## ABOUT THIS TASK
Repeat only the lines below that run from the line with "Verbatim Charge 'n'" to the line with "问题 9:常见的垃圾收集器有哪些?CMS 和 G1 的核心原理与优缺点是什么?", ends included; skip every picture.

## DATA EXTRACTS
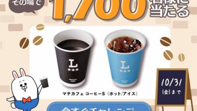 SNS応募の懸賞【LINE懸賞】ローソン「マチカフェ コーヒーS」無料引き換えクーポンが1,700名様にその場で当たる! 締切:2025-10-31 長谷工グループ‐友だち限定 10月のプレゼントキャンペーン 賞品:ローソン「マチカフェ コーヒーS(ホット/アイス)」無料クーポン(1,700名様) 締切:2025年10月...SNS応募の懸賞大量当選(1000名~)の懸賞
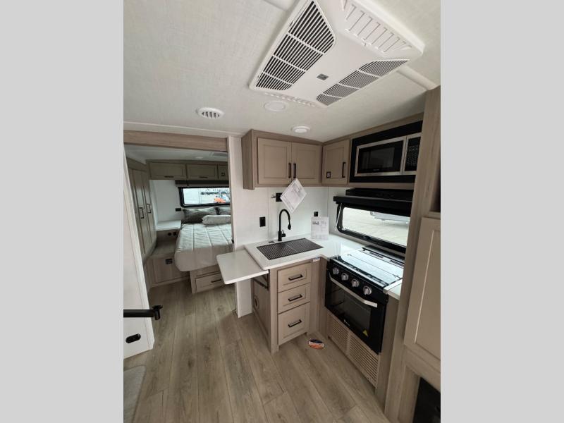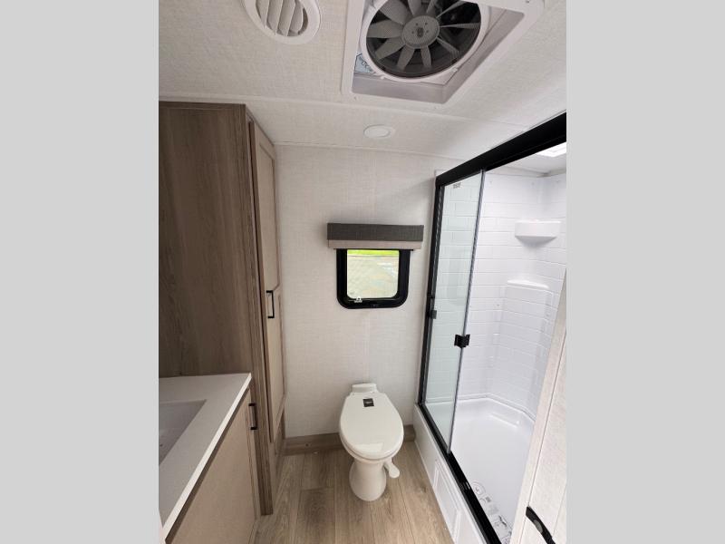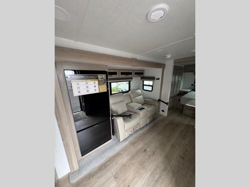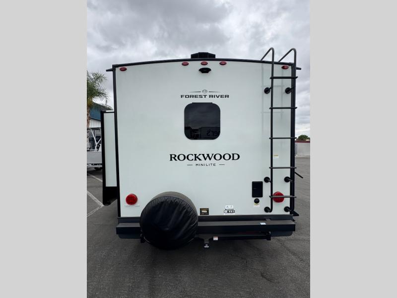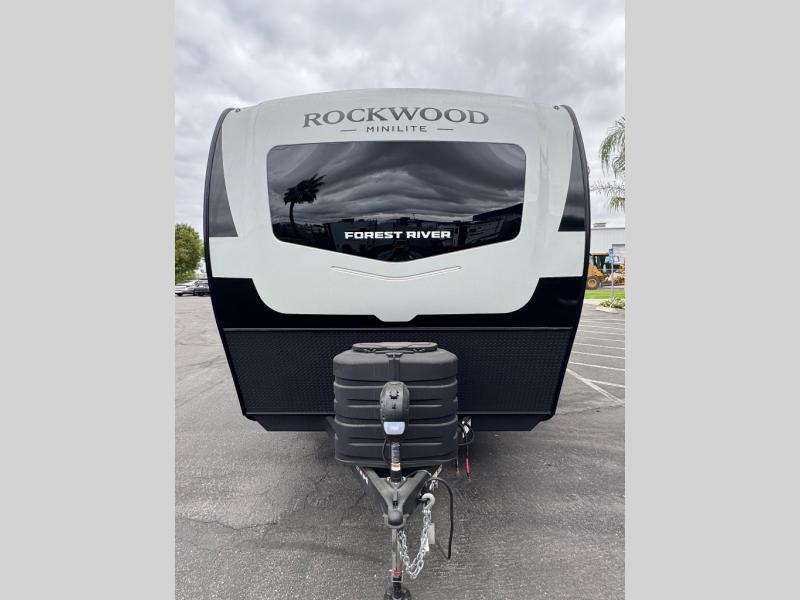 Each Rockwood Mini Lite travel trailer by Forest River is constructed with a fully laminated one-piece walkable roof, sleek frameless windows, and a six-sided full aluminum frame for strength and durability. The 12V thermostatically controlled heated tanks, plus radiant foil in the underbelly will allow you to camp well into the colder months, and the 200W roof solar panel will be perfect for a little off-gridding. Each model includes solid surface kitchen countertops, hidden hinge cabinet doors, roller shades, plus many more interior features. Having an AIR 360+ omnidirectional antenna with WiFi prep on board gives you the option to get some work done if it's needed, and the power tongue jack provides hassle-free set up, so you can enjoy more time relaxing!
...
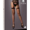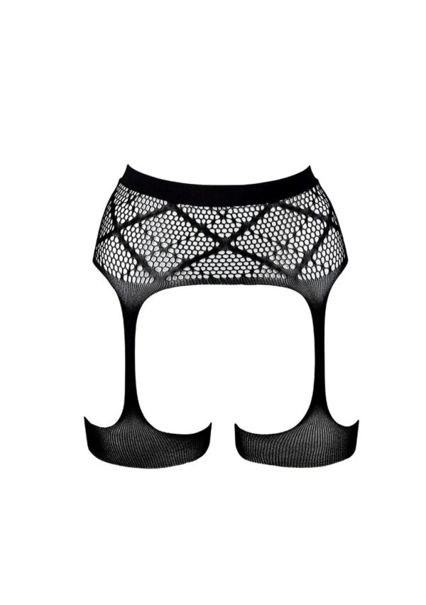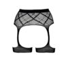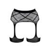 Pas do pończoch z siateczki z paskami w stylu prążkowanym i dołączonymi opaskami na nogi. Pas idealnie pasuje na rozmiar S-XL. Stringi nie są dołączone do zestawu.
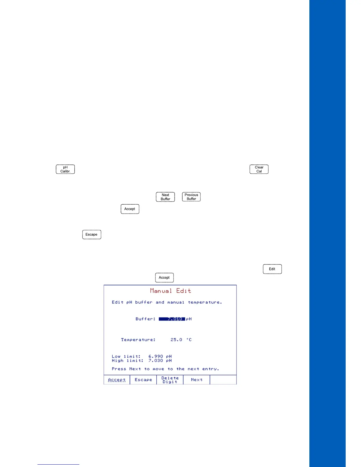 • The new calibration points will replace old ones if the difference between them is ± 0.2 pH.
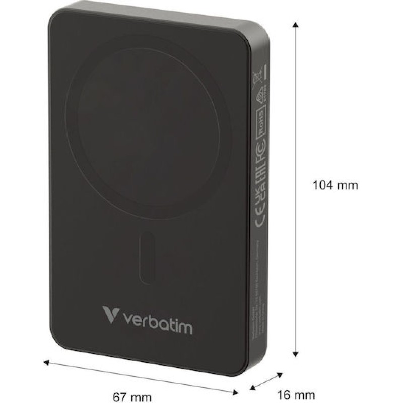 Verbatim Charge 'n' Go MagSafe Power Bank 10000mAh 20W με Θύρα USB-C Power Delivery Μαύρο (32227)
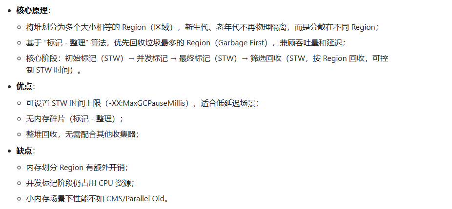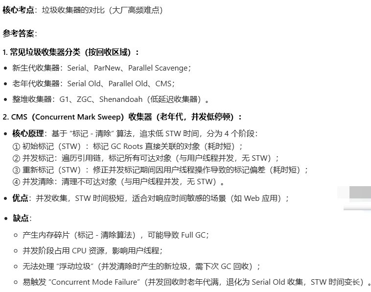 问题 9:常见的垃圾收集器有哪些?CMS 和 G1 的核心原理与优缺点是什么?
...
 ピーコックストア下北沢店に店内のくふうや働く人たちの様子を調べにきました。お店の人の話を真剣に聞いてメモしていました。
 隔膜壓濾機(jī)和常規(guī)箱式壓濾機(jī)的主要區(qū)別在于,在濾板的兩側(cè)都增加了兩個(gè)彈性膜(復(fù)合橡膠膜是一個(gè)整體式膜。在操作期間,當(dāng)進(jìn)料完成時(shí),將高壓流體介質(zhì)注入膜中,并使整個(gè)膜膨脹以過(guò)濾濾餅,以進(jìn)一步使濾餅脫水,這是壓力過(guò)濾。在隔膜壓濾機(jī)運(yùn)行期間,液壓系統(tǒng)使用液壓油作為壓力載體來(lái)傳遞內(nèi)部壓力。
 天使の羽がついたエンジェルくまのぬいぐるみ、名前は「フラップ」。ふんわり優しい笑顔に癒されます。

## SOLUTION TO THIS EXERCISE
 Verbatim Charge 'n' Go MagSafe Power Bank 10000mAh 20W με Θύρα USB-C Power Delivery Μαύρο (32227)
 问题 9:常见的垃圾收集器有哪些?CMS 和 G1 的核心原理与优缺点是什么?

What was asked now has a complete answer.